Spectroscopy for Monitoring Tumor Response to Immunotherapy
Immunotherapy in colorectal cancer aims to improve tumor response to chemotherapy and thus improve patient prognosis. Specifically, we are analyzing the effects of modulating tumor-associated macrophage pathways in mice using diffuse reflectance spectroscopy. This spectroscopy method can potentially be used to quantify various optical reporters of local vascularization and angiogenesis to non-invasively monitor tumor response to immunotherapy and chemotherapy.
Figure 1. The mobile mouse spectroscopy suite (left) is used to monitor perfusion response of murine colorectal carcinoma allografts using a custom spectroscopy probe (right).
Multiphoton Imaging for Gastrointestinal Cancer
Using two-photon microscopy and endogenous fluorescence, we are investigating changes in murine (mouse) colorectal tissue, specifically as it progresses from normal to dysplastic. This approach utilizes a myriad of optical markers acquired through label-free two-photon microscopy such as collagen structure, metabolic ratios, and spectral data.
Figure 2. The heat plate under the microscope objective used to maintain a 37 degree C environment for cells cultured on a glass slide (left) and an image of murine colorectal tissue showing endogenous fluorescence (right).

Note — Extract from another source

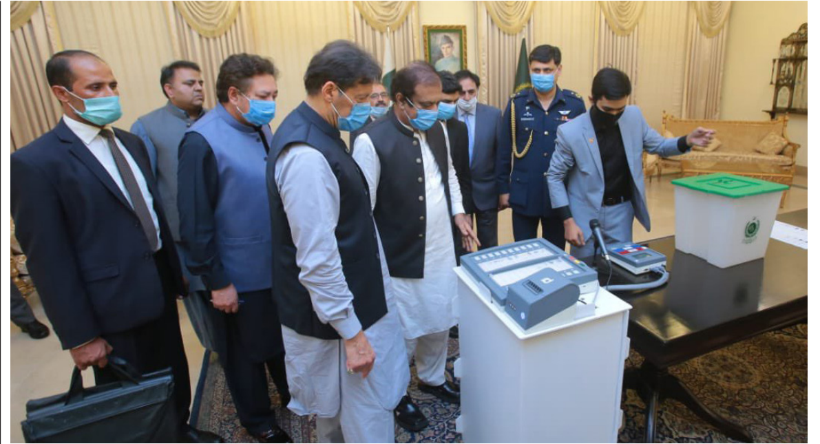
ISLAMABAD: Prime Minister Imran Khan is inspecting Pakistan's first Electronic Voting Machine. Federal Minister for Information and Broadcasting Fawad Chaudhry and Minister for Science and Technology Shibli Faraz are also present. - DNA

ISLAMABAD: A delegation from Afghanistan visited Islamabad in connection with the reported complaint of daughter of the Ambassador of Afghanistan to Pakistan of 16 July 2021. During the visit, the delegation met with the officials of law-enforcement agencies and the Ministry of Foreign Affairs. According to a MOFA statement, the delegation was given a comprehensive briefing on all aspects of investigation conducted by the relevant Pakistani authorities in the reported incident. They were also taken to the Safe City Office, Islamabad, where they were shown several video footages from various locations of different timings in which the complainant was clearly identifiable moving around the places independently. An on-site visit of all the locations visited by the complainant was arranged for the delegation, followed by presentation of technical data (findings of mobile forensic/geo fencing) as well. - Saifullah

Light Sheet Confocal Microscopy
We have developed a light sheet confocal microscopy system that implements a linear sensor to image cells in suspension, such as whole blood. Considered high throughput image cytometry, this method could aid in rapid imaging of biological fluids on a slide (whole slide scanning) or within a microfluidics chamber (fluid flow). Furthermore, this system is used along with magnetohydrodymanic (MHD) fluid flow to control fluid flow for processing of large volumes of biological fluids.
Figure 3. The linear sensor and filter wheel of the light sheet confocal microscope system (left) and an image of beads flowing through the MHD channel (right).
Whole Blood Analysis
We are investigating alternative methods to perform a three-part leukocyte differential, which is the count of three subpopulations of cells (lymphocytes, granulocytes, and monocytes). One approach uses the light sheet confocal system for rapid high-throughput imaging of whole blood. The other approach aims to reduce complexity and cost of a device for a point-of-care application. Both methods utilize the fluorescent dye, acridine orange, where the period of time required for overall image acquisition greatly affects the accuracy of the differential due to the instability of the dye and cytotoxicity.
Figure 4. A portion of the optical components in the light sheet confocal system (left) and images of the three subpopulations of cells in a three-part leukocyte differential (right).